- _To do_
Could you return all of the entries word for word, minus any pictures?

Stored items from a collection:
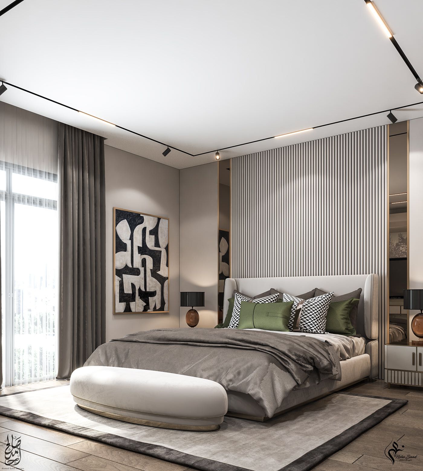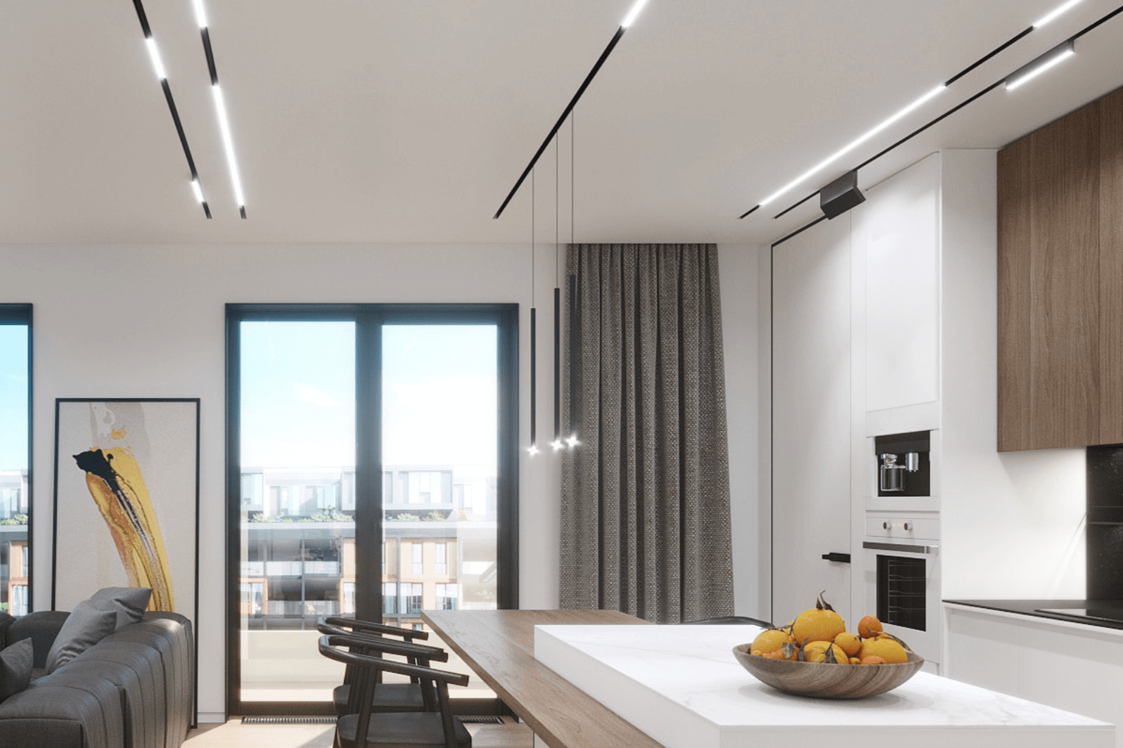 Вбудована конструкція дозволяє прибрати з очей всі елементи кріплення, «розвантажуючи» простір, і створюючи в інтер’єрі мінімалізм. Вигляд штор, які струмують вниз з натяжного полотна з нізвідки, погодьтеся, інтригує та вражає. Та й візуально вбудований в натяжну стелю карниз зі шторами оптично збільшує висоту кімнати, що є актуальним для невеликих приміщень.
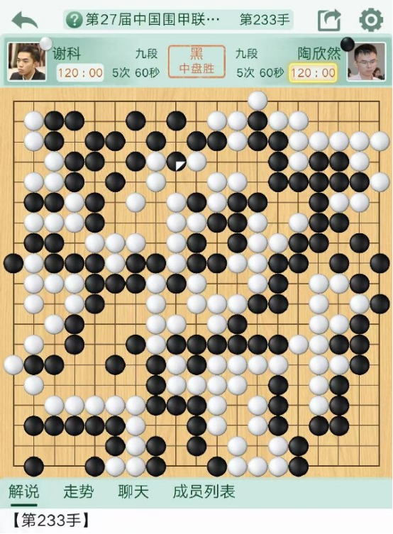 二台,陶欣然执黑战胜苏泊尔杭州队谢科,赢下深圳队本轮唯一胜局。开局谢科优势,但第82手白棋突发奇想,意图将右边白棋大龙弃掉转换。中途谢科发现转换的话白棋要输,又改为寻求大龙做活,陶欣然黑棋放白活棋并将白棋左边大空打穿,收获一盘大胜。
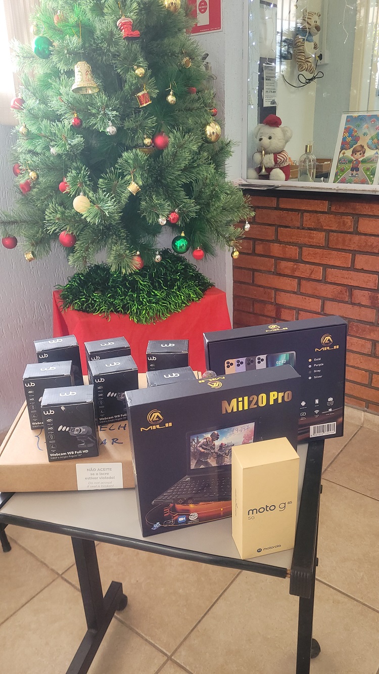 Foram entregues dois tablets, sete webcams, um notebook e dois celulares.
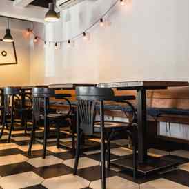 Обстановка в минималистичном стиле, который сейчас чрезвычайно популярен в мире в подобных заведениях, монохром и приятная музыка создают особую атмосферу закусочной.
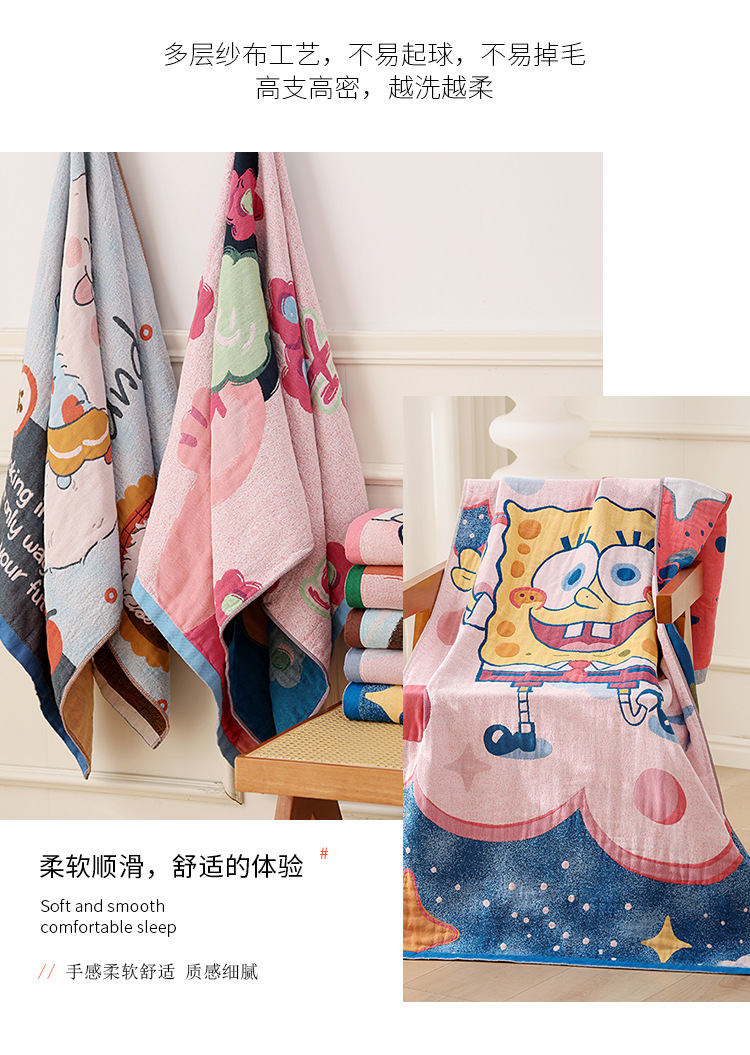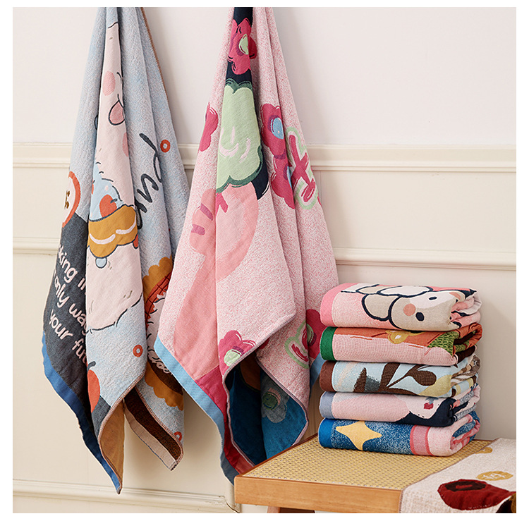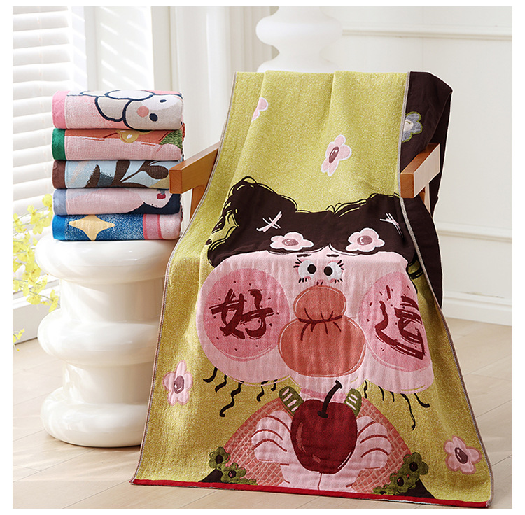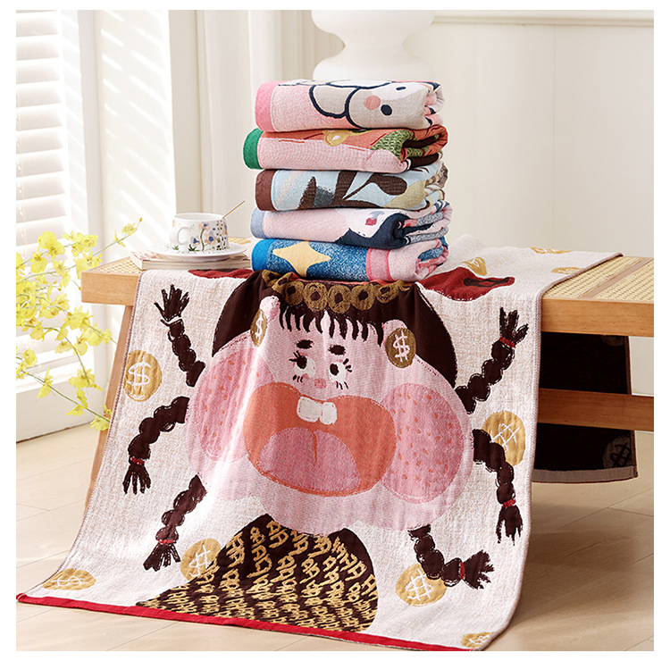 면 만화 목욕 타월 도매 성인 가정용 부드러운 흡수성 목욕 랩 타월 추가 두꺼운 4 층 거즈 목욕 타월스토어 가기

- _Solution for this task_
 Вбудована конструкція дозволяє прибрати з очей всі елементи кріплення, «розвантажуючи» простір, і створюючи в інтер’єрі мінімалізм. Вигляд штор, які струмують вниз з натяжного полотна з нізвідки, погодьтеся, інтригує та вражає. Та й візуально вбудований в натяжну стелю карниз зі шторами оптично збільшує висоту кімнати, що є актуальним для невеликих приміщень.
 二台,陶欣然执黑战胜苏泊尔杭州队谢科,赢下深圳队本轮唯一胜局。开局谢科优势,但第82手白棋突发奇想,意图将右边白棋大龙弃掉转换。中途谢科发现转换的话白棋要输,又改为寻求大龙做活,陶欣然黑棋放白活棋并将白棋左边大空打穿,收获一盘大胜。
 Foram entregues dois tablets, sete webcams, um notebook e dois celulares.
 Обстановка в минималистичном стиле, который сейчас чрезвычайно популярен в мире в подобных заведениях, монохром и приятная музыка создают особую атмосферу закусочной.
 면 만화 목욕 타월 도매 성인 가정용 부드러운 흡수성 목욕 랩 타월 추가 두꺼운 4 층 거즈 목욕 타월스토어 가기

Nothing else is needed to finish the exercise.